Г-н Фьерсе узнал еще много и другого. В обществе начальников эскадры и капитанов, которые часто собирались вместе ужинать, он узнал, что во время морских войн чрезвычайно часто случается пушечная канонада, стрельба картечью, абордаж, кораблекрушение, рукопашные схватки, весьма часто тонут суда, что моряки весьма часто погибают. То тут то там, за круглым столом постоянно слышались рассказы, и в то же время непрестанно опоражнивались стаканы с вином за здоровье короля. Там пили и дружески беседовали Шоффольт, де Фроменьер, и д'Амблимон так же, как граф Дюгэ и де ля Бедойер, которые впоследствии так прославились. Но среди всех особенно выделялся маркиз де Водрэйль, один из наилучших моряков своего времени; начальник эскадры питал к нему особенною дружбу. Среди таких людей Фьерсе казался совсем ничтожным, и его анекдоты из придворной жизни мало способствовали его возвышению в их глазах. Он пытался возвыситься до уровня этих воспитанных на подвигах людей, но почти ничего не достиг. Во время первого же ужина он рассказал о симпатии, которую к нему питала г-жа де Коссак и, не конфузясь, рассказал, как его брат заколол шпагой маркиза. Но этот рассказ был холодно принят этими людьми, которые в силу правил галантности и дуэли не раз поражали гораздо более страшных противников, чем старый придворный рогоносец.
Что же до сражений и победоносных схваток, о чем в особенности беседовали капитаны и г-н Эстандюэр, то кавалер Фьерсе ничего подобного не испытал, а фантазировать на эту тему перед такой компетентной компанией он не решался.
Иногда, во время особенно ярких эпических повествований маркиза де Водрэйля, и д'Амблимона, г-н де Фьерсе настолько забывался, что начинал заметно дрожать.
— Этот версальский франтик, — признался в конце концов начальник эскадры, — может быть не так-то доблестен, как я думал.

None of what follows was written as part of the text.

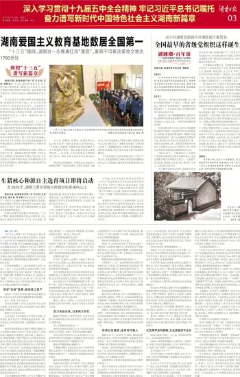 第03版:深入学习贯彻十九届五中全会精神 牢记习近平总书记嘱托 奋力谱写新时代中国特色社会主义湖南新篇章
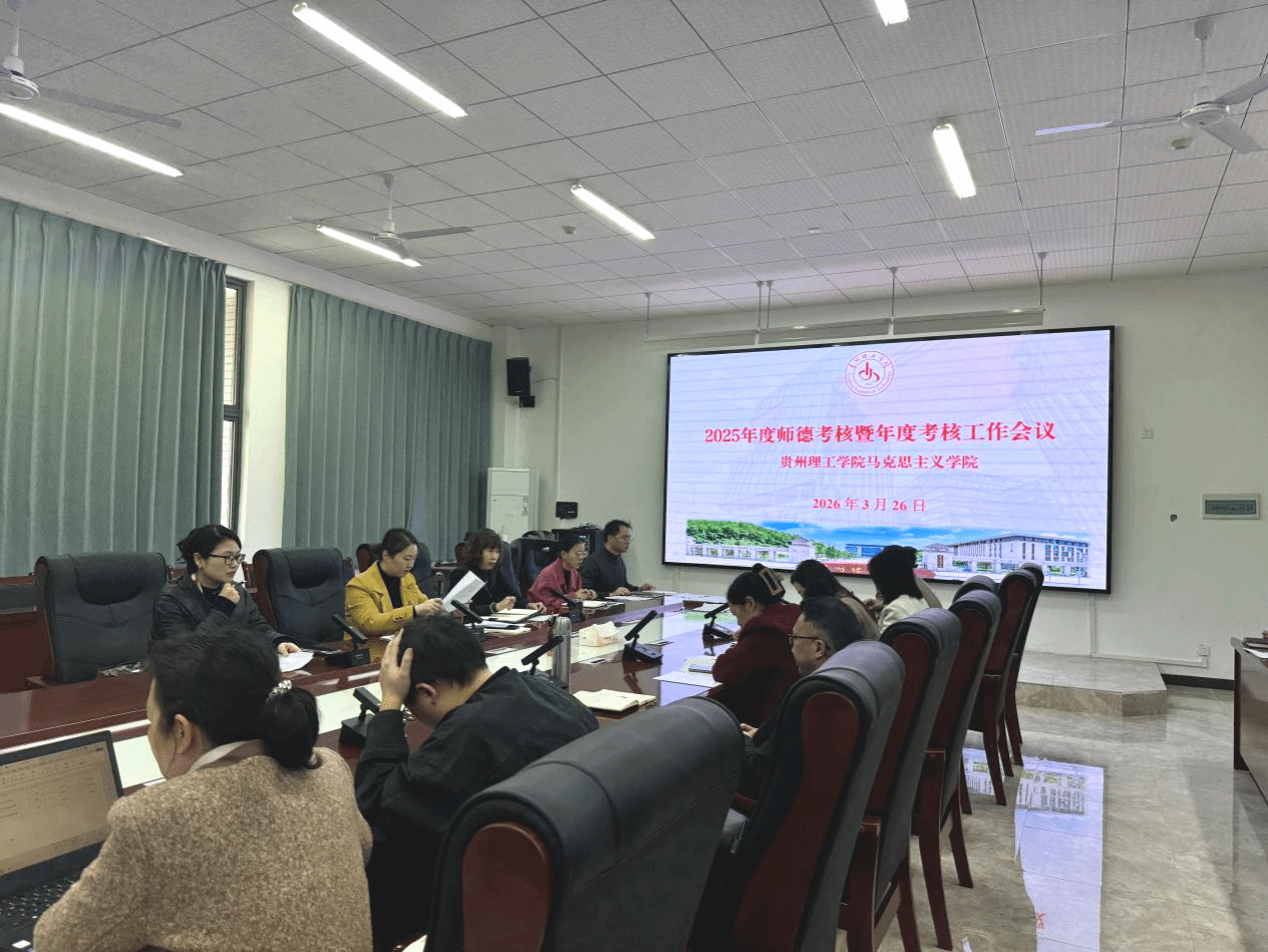本网讯(马克思主义学院 张语熙 文/ 张语熙/图)为全面加强教师队伍建设,切实落实立德树人根本任务,2026年3月26日,贵州理工学院马克思主义学院召开2025年度师德考核暨年度考核工作会议,学院全体教师参会,会议围绕师德师风建设、年度工作考核等重点内容有序推进。

Городок Рошфор был в радужном настроении. Был близок отъезд эскадры, и это наполняло улицы радостным шумом и беззаботным дебоширством.
Многим из отъезжающих предстояло вскоре погибнуть. Все старались получить к своему смертному часу побольше приятных воспоминаний, все старались пить, сколько влезет, петь во всю глотку и до обморока ласкать женщин. Г-н Фьерсе вообще был очень не чужд таких развлечений, но теперь он почти не участвовал в них. Его настолько мучил по ночам страх, что он чувствовал себя совершенно больным и разбитым.